# Your task:
Please copy each line of the listing below precisely, excluding the images.

# Data shown:
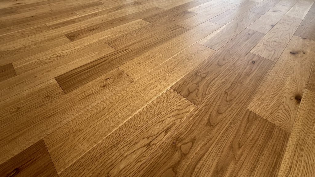 温かみと心地よい肌触りのあるパイン材無垢フローリングは、裸足で快適に過ごせます。遮音等級を求められるマンションには、防音性能のあるオーク材突板フローリングで、機能的でありながら天然木の風合いも楽しめます
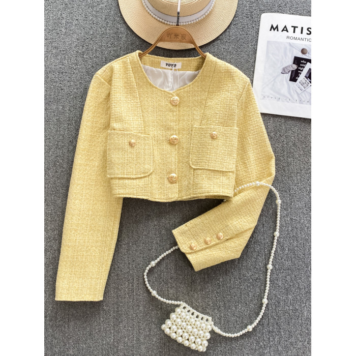 小香風金屬釦粗花呢外套女春秋季新款時尚氣質名媛短款高級感上衣
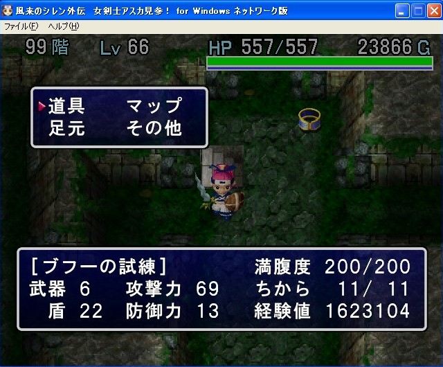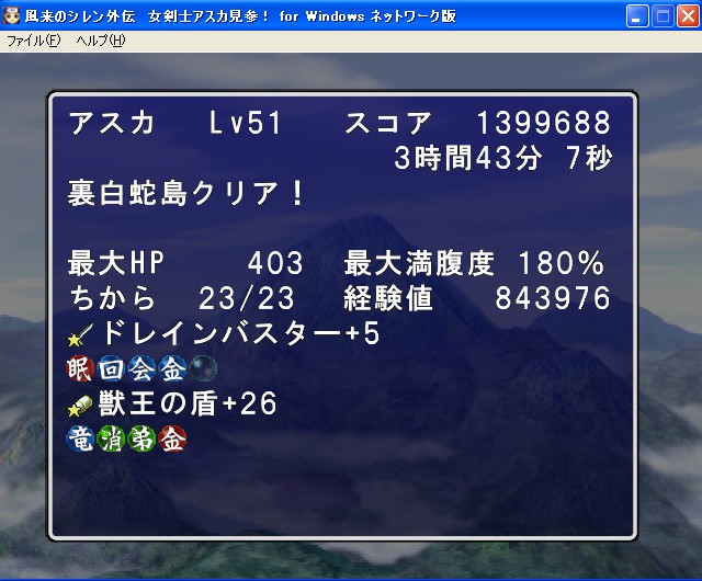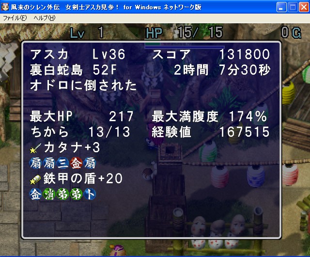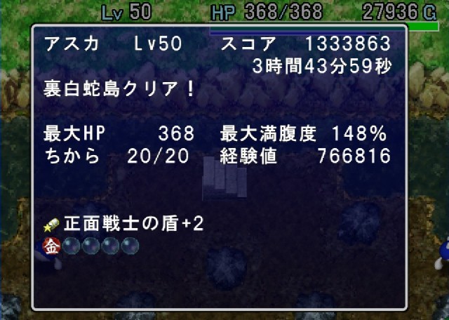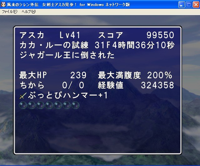 暇を見つけてはちびちびとアスカをプレイする。最近は救助が出来る様になったので救助をしまくって遊んでたんですが本格的に最深部到達をしなければと思い……ってか単に救助が飽きたというか他の事がしたくなっただけです。そんな訳でカカ・ルーに潜ろうと思ったのですが、この前の凡ミスの31F終わりの事を思い出して連続でカカ・ルー最深部に挑戦する気力が失せたので、魔道ことドラスの試練に挑む事に。カカ・ルーの時もそうでしたが一度斎戒まで行ったからある程度体が慣れてるのですかね凄くいいテンポで進んで行く。6F途中辺りでトドにしあわせの杖振ってアイアントドにして増殖させて倒しまくる事を思いつく余裕もあった。(たまたまトド倒してみたらしあわせ落としくれたのが良かったですこれが非常に良かったかもしれない。浅い方でアイテムを溜め込み、杖は身代わり・封印・かなしばり・鈍足・からぶりを主に貯めていく。巻物も転写が複数に様々な種類の物と実に良い感じだった。カンガルーフロアではねだやしがあったので良かったのですが、しおかんべんが出てくるところではかなりの苦戦を強いられました。いきなりの開幕モンスターハウスで身代わりの杖が減る減る・・・しかもHPも8とかかなり紙一重なところを行き来する始末(一応身代わりの腕輪はあったのですが)1回の大部屋モンスターハウスで身代わりの杖が10回弱減ったときはもうだめかと思いました(;´Д`A```あとはタイガーウホホーンに味方のNPCを投げられる→モンスターハウスに飛ばされる→NPC死亡の危機これも4回くらいありましたな(;´Д`A```まぁでも流石にLV99のNPCは強かったですね。攻撃の要となってくれました。まぁそんなこんなで盾がない分気分的にも私自身は余裕がなかったのですが、99Fに降りてみると身代わりの腕輪×5・復活の草×2とかなりの余裕があったみたいです。死なないように死なないようにを常に意識してHPが1桁2桁を彷徨う事が多かったのでもっとアイテムに余裕がないと思ってたら意外とそうでもなかったみたいで…。NPCやモンスターの動き等ある程度7~8割がた予想できるので、この辺が功を奏したんでしょうかね。ステータスとかはこんな感じでした。それにしてもクロンと同じく99Fを目指して1発でクリア出来るとは嬉しいものですね。カカ・ルーは余裕が無いので次にやるときにはアイテムのツモに恵まれると良いんだが…。とりあえず準備さえ整えば一番楽勝そうなブフーの試練を片付けるとしますか。
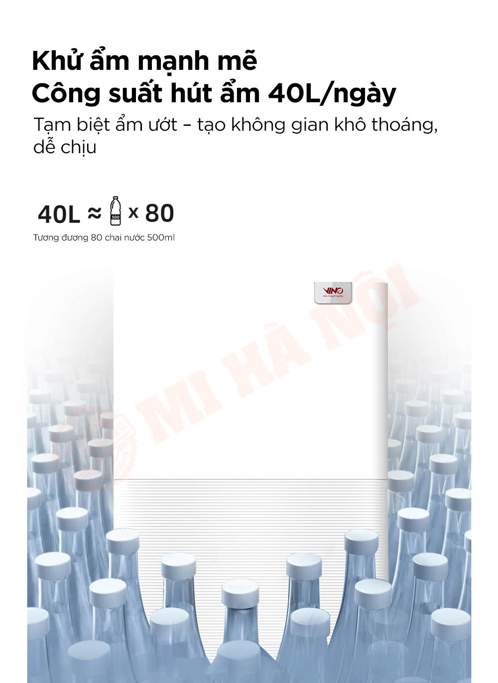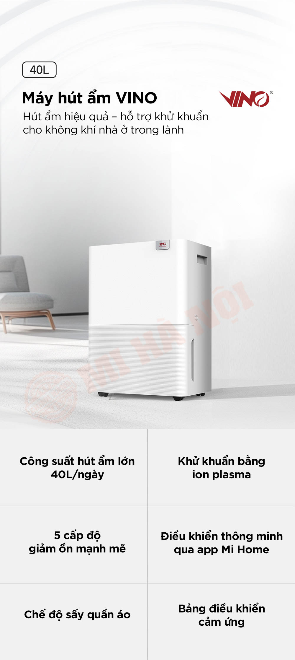 Máy hút ẩm VINO 40L là lựa chọn lý tưởng cho không gian cần khử ẩm mạnh mẽ và ổn định. Với công suất hút ẩm 40L/ngày, khử khuẩn plasma, vận hành êm ái và điều khiển thông minh qua Mi Home, thiết bị giúp giữ nhà luôn khô thoáng, sạch khuẩn và thoải mái trong mọi điều kiện thời tiết.

# Solution for this task:
 温かみと心地よい肌触りのあるパイン材無垢フローリングは、裸足で快適に過ごせます。遮音等級を求められるマンションには、防音性能のあるオーク材突板フローリングで、機能的でありながら天然木の風合いも楽しめます
 小香風金屬釦粗花呢外套女春秋季新款時尚氣質名媛短款高級感上衣
 暇を見つけてはちびちびとアスカをプレイする。最近は救助が出来る様になったので救助をしまくって遊んでたんですが本格的に最深部到達をしなければと思い……ってか単に救助が飽きたというか他の事がしたくなっただけです。そんな訳でカカ・ルーに潜ろうと思ったのですが、この前の凡ミスの31F終わりの事を思い出して連続でカカ・ルー最深部に挑戦する気力が失せたので、魔道ことドラスの試練に挑む事に。カカ・ルーの時もそうでしたが一度斎戒まで行ったからある程度体が慣れてるのですかね凄くいいテンポで進んで行く。6F途中辺りでトドにしあわせの杖振ってアイアントドにして増殖させて倒しまくる事を思いつく余裕もあった。(たまたまトド倒してみたらしあわせ落としくれたのが良かったですこれが非常に良かったかもしれない。浅い方でアイテムを溜め込み、杖は身代わり・封印・かなしばり・鈍足・からぶりを主に貯めていく。巻物も転写が複数に様々な種類の物と実に良い感じだった。カンガルーフロアではねだやしがあったので良かったのですが、しおかんべんが出てくるところではかなりの苦戦を強いられました。いきなりの開幕モンスターハウスで身代わりの杖が減る減る・・・しかもHPも8とかかなり紙一重なところを行き来する始末(一応身代わりの腕輪はあったのですが)1回の大部屋モンスターハウスで身代わりの杖が10回弱減ったときはもうだめかと思いました(;´Д`A```あとはタイガーウホホーンに味方のNPCを投げられる→モンスターハウスに飛ばされる→NPC死亡の危機これも4回くらいありましたな(;´Д`A```まぁでも流石にLV99のNPCは強かったですね。攻撃の要となってくれました。まぁそんなこんなで盾がない分気分的にも私自身は余裕がなかったのですが、99Fに降りてみると身代わりの腕輪×5・復活の草×2とかなりの余裕があったみたいです。死なないように死なないようにを常に意識してHPが1桁2桁を彷徨う事が多かったのでもっとアイテムに余裕がないと思ってたら意外とそうでもなかったみたいで…。NPCやモンスターの動き等ある程度7~8割がた予想できるので、この辺が功を奏したんでしょうかね。ステータスとかはこんな感じでした。それにしてもクロンと同じく99Fを目指して1発でクリア出来るとは嬉しいものですね。カカ・ルーは余裕が無いので次にやるときにはアイテムのツモに恵まれると良いんだが…。とりあえず準備さえ整えば一番楽勝そうなブフーの試練を片付けるとしますか。
 Máy hút ẩm VINO 40L là lựa chọn lý tưởng cho không gian cần khử ẩm mạnh mẽ và ổn định. Với công suất hút ẩm 40L/ngày, khử khuẩn plasma, vận hành êm ái và điều khiển thông minh qua Mi Home, thiết bị giúp giữ nhà luôn khô thoáng, sạch khuẩn và thoải mái trong mọi điều kiện thời tiết.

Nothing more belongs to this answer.